FCC Starts Spectrum Scavenging Effort

The Federal Communications Commission released a public notice Friday that seeks input on allocating the 35 MHz spectrum currently used primarily by weather balloons and weather satellites for wireless broadband. The spectrum, which sits between 1675 and 1710 MHz, is known as the Big LEO band; using it would help achieve the goal outlined in the National Broadband Plan of finding 300 MHz for wireless broadband within the next five years.

The Big LEO band is part of the spectrum allocated for mobile satellite services, which also encompasses L-band and S-band spectrum and totals 90 MHz. The FCC is giving citizens and businesses until June 28 to let the agency know if they are using the band, what for and when. The FCC also wants to know if there’s a more efficient way that some of the traffic transmitted through those airwaves on behalf of the government could be sent via terrestrial networks.

Since the government is already using these airwaves, and seems OK with possibly sharing them or giving them up entirely for wireless broadband, the public notice is the first step toward figuring out if and how the FCC could allocate 35 more megahertz for operators so they can support you playing Farmville on your iPhone or possibly streaming Pandora. So if you’re using that block, now’s your chance to speak now or forever hold your peace.

Related GigaOM Pro content (sub req’d):
Everybody Hertz: The Looming Spectrum Crisis

3 Responses to “FCC Starts Spectrum Scavenging Effort”

  1. I am weak on my spectrum knowledge but I understand its critical importance when it come to wireless broadband. Mobile operators are moving quickly and adopting HSPA+, LTE and LTE Advanced. These radio interfaces are lynch pins. This is especially true since Cisco’s VNI study reports — “Globally, mobile data traffic will double every year through 2014, increasing 39 times between 2009 and 2014.”
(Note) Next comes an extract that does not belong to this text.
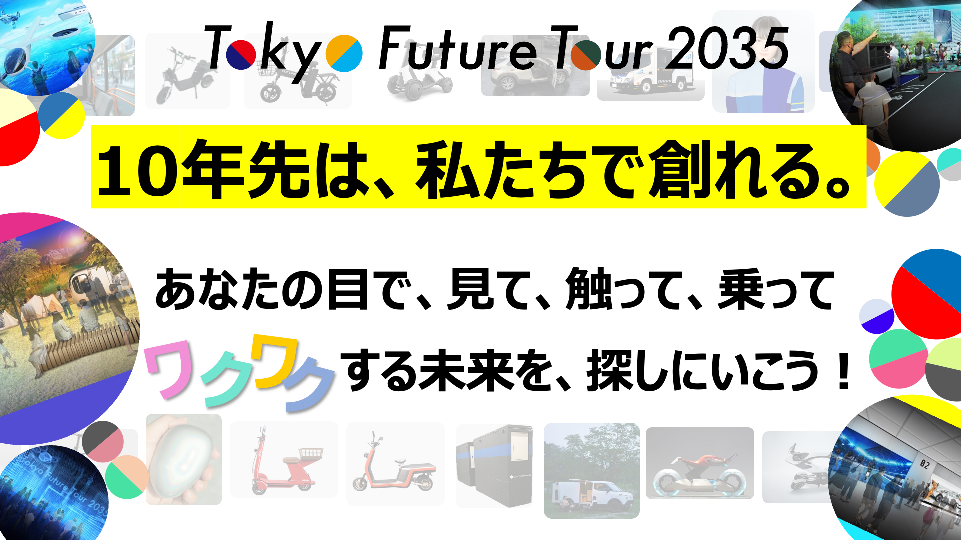 10年後、遠いようで、きっとすぐに訪れる未来だと思います。より良い未来に向けて、すべての人にとって、ヒントを得てもらったり、アイデアにつながることを期待しています。また、乗れるモビリティから、自律型のモビリティ、生活を便利にするモビリティや、遊び心をくすぐるモビリティなど、非常に多くのモビリティが、皆さまをお待ちしております。
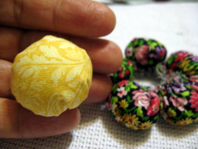 b) corte 7 círculos de 6cm de diâmetro de um tecido liso.

  2. Wasn’t a lot of this spectrum dedicated to mobile voice and data using satellites in low earth orbit? There’s already a lot of hardware “up there” dedicated to using chunks of this spectrum, Iridium probably being the most famous example. I think the DOD is biggest and maybe the only Iridium user these days, obviously for tasks that can’t be done with terrestrial hardware. It’s hard to see where this will go.